Left Hypochondriac Region: Liver's tip, Stomach, Pancreas, Left Kidney, Spleen, Large/Small Intestine.
Middle Row:
Right Lumbar Region: Ascending Colon, Small Intestine, Right Kidney.
Umbilical Region: Duodenum, Small Intestine, Transverse Colon.
Left Lumbar Region: Descending Colon, Small Intestine, Left Kidney.
Lower Row:
Right Iliac Region: Appendix, Cecum, Ascending Colon, Small Intestine.
Hypogastric Region: Bladder, Sigmoid Colon, Small Intestine, Reproductive Organs.
Left Iliac Region: Sigmoid Colon, Descending Colon, Small Intestine.
Planes for Regions:
Subcostal Plane: Transverse plane immediately below the costal cartilages.
Intertubercular Plane: Transverse plane connecting the iliac tubercles.
Transpyloric Plane: Often at L1-L2, typically bisects the pylorus.
Transtubercular Plane: Often at L5, commonly aligned with the iliac tubercles.
Four Abdominal Quadrants (clinical divisions by transumbilical plane):
Right Upper Quadrant (RUQ): Liver, Stomach, Gallbladder, Duodenum, Right Kidney, Pancreas, Transverse Colon, Right Adrenal Gland, Small Intestine.
Left Upper Quadrant (LUQ): Liver, Left Adrenal Gland, Stomach, Left Kidney, Pancreas, Spleen, Transverse Colon, Small Intestine.
Right Lower Quadrant (RLQ): Small Intestine, Large Intestine, Cecum, Appendix, Right Ureter, Right Reproductive Organs (ovary, fallopian tube, spermatic cord).
Left Lower Quadrant (LLQ): Small Intestine, Large Intestine, Left Ureter, Left Reproductive Organs (fallopian tube, ovary, spermatic cord), Sigmoid Colon.

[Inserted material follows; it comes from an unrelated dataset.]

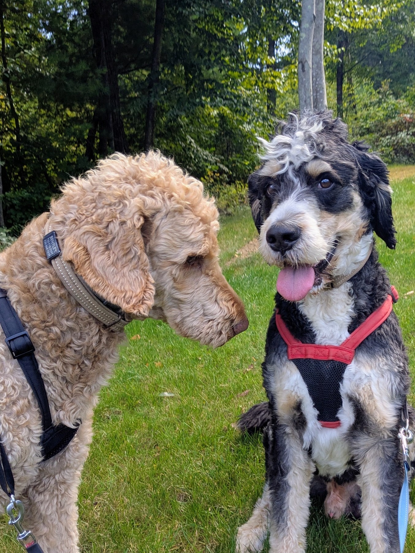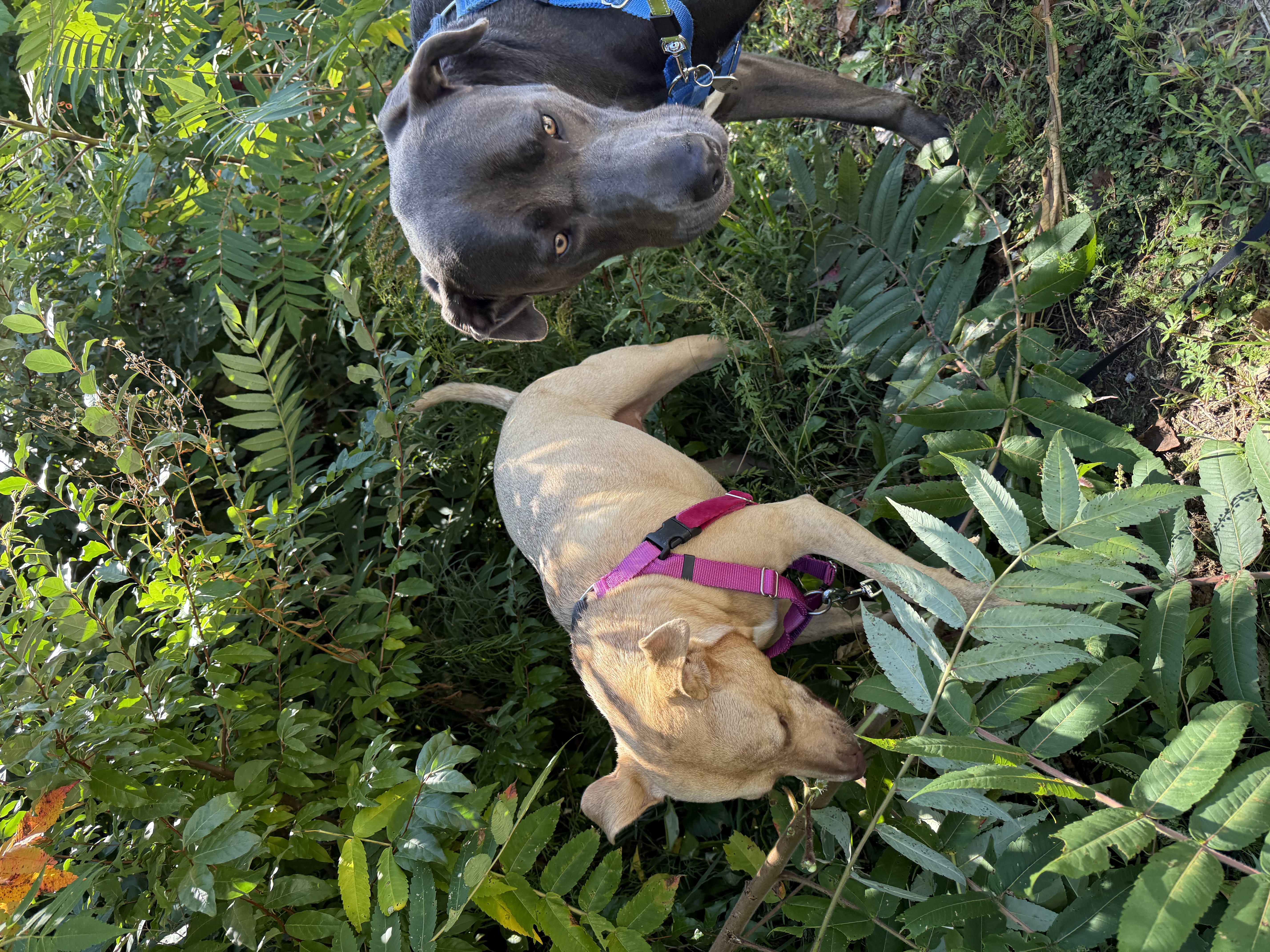 Millie had a great walk today. To start off the weather is beautiful today so we were both thankful for that. She ate grass, she ran, she walked, she made friends with a squirrel he ran, she dodged some acorns,

Abdominal Radiographic Procedures
Patient Preparation (for Fluoroscopy):
Controlled diet.
Laxative.
Enema.
Contraindications: Preliminary prep is never administered to acutely ill patients or those with visceral rupture, intestinal obstruction, or perforation.
Common Routines:
KUB (Kidneys, Ureters, Bladder) or Supine Abdomen (AP Projection):
Can demonstrate free air (Rigler’s sign).
Centering: At the level of the iliac crests.
Evaluation Criteria: Area from pubic symphysis to upper abdomen included, centered vertebral column, no rotation, soft gray tones (many shades of gray).
AP Abdomen Upright:
Indications: Visualizes air/fluid levels.
Centering: If the bladder is to be included, center the IR at the level of the iliac crests. If not, CR is 2 inches above iliac crests to include the diaphragm.
Evaluation Criteria: Similar to supine, focusing on air-fluid levels and inclusion of diaphragm if applicable.
PA Chest: Often performed in conjunction with abdominal series because it is more sensitive than an abdominal radiograph for picking up free air under the diaphragm.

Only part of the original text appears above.